The github user gpshead proposed a similar, but different solution here: Allow pre-compressed data to be written into zip files via the `zipfile` module. · Issue #113924 · python/cpython · GitHub I have based my work on his PR draft.

In that GitHub issue, serhiy-storchaka commented that:

I thought that it would be more useful to add a method that copies data (one or several entries) from a ZIP file to other ZIP file. It can be used to remove from a ZIP archive (there were several requests for this feature). It can be used to merge several ZIP files in one.

I created and tested the changes serhiy-storchaka suggested, and it worked effectively for my caching needs.

I searched for similar issues and proposals to this one, but I couldn’t find any. This might be due to my inexperience, since this is my first attempt at contributing to CPython.

Feedback

I am posting this document to solicit feedback, especially for the API proposal, although other feedback is also welcome.

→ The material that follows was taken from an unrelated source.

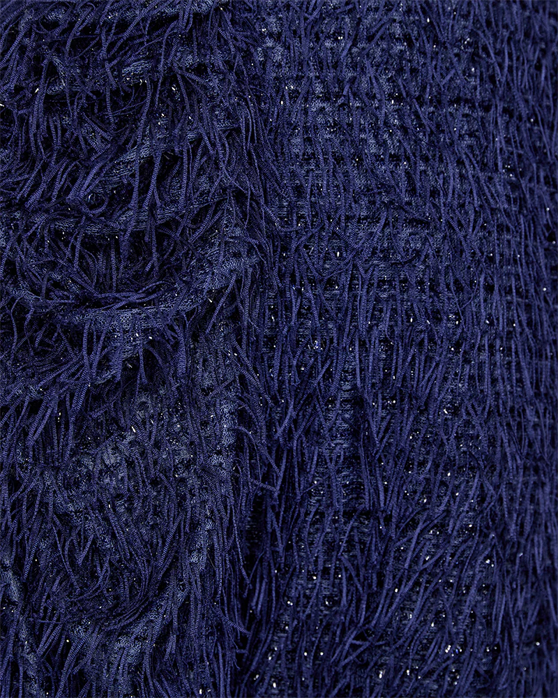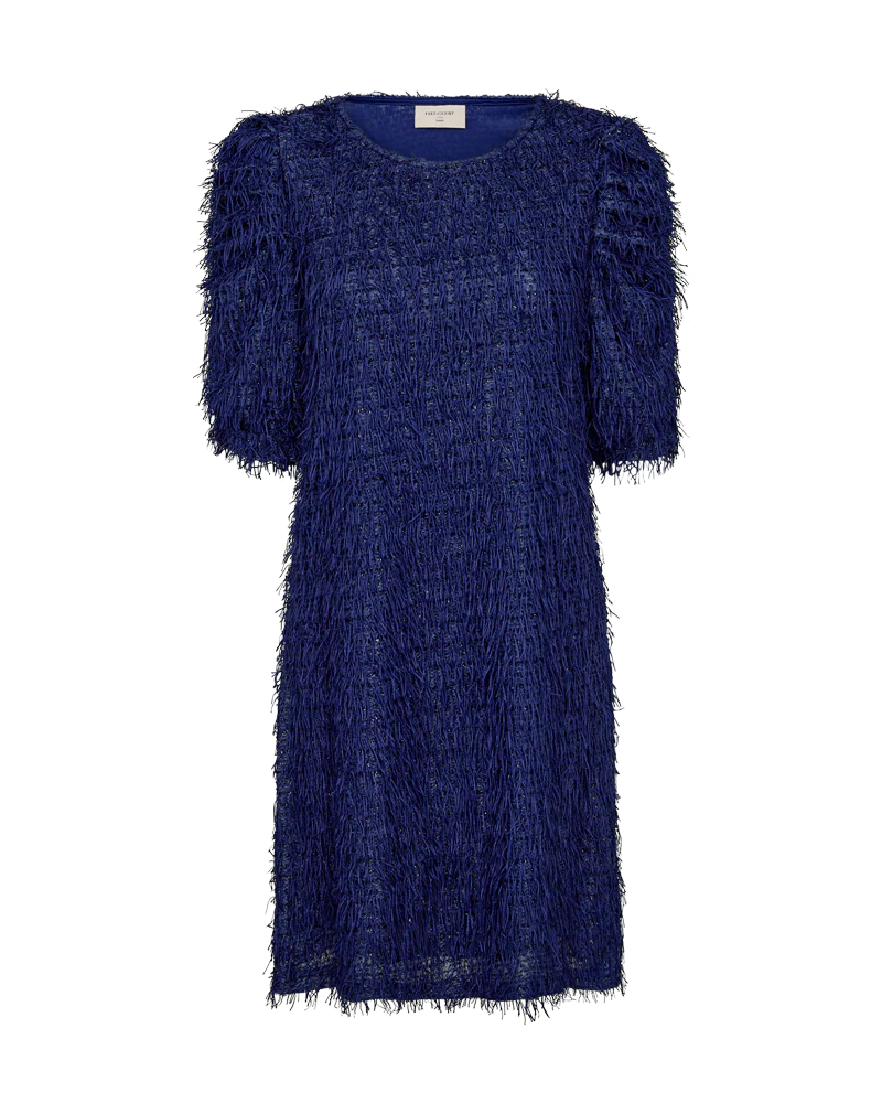 Klänning från Freequent i ett mjukt material med fina fransar och en vacker glittereffekt i färgen "Patriot Blue". Klänningen har en enkel silhuett med mjuk jerseyfoder, halva ärmar, rundad urringning och en vanlig passform.
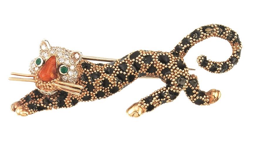 modellata come un leopardo, interamente decorato da smalti policromi, testa in brillanti, punzoni FC e 18 K, smalti danneggiati

nmstoker · October 11, 2024, 10:15pm

Thank you for the detailed proposal.

Personally I haven’t ever had to copy between zip files using python but I was curious if you had a sense of how common this task is for a typical python user? (if there is such a thing?!)

Clearly it would be a subjective estimate, but at least that would give a sense of how broadly beneficial overall an improvement like this might be.

It would also be interesting to think about where it’s most commonly used, if people doing it currently just put up with it or if they use workarounds (eg calling out to more performant zip tools) and whether that might be “good enough” for most people (again subjective).

eric_collins · October 12, 2024, 12:28pm

I anticipate that the most common use case for this would be to cache files used in builds.

Example Usage - Ren’Py

Ren’Py is a popular visual novel engine that’s written in Python. I recently posted a poll in Ren’Py’s discord and although the sample size is small, the early results suggest that the average Ren’Py developer builds 30 times per game, and building takes about 3 minutes. Most of this time is spent compressing files.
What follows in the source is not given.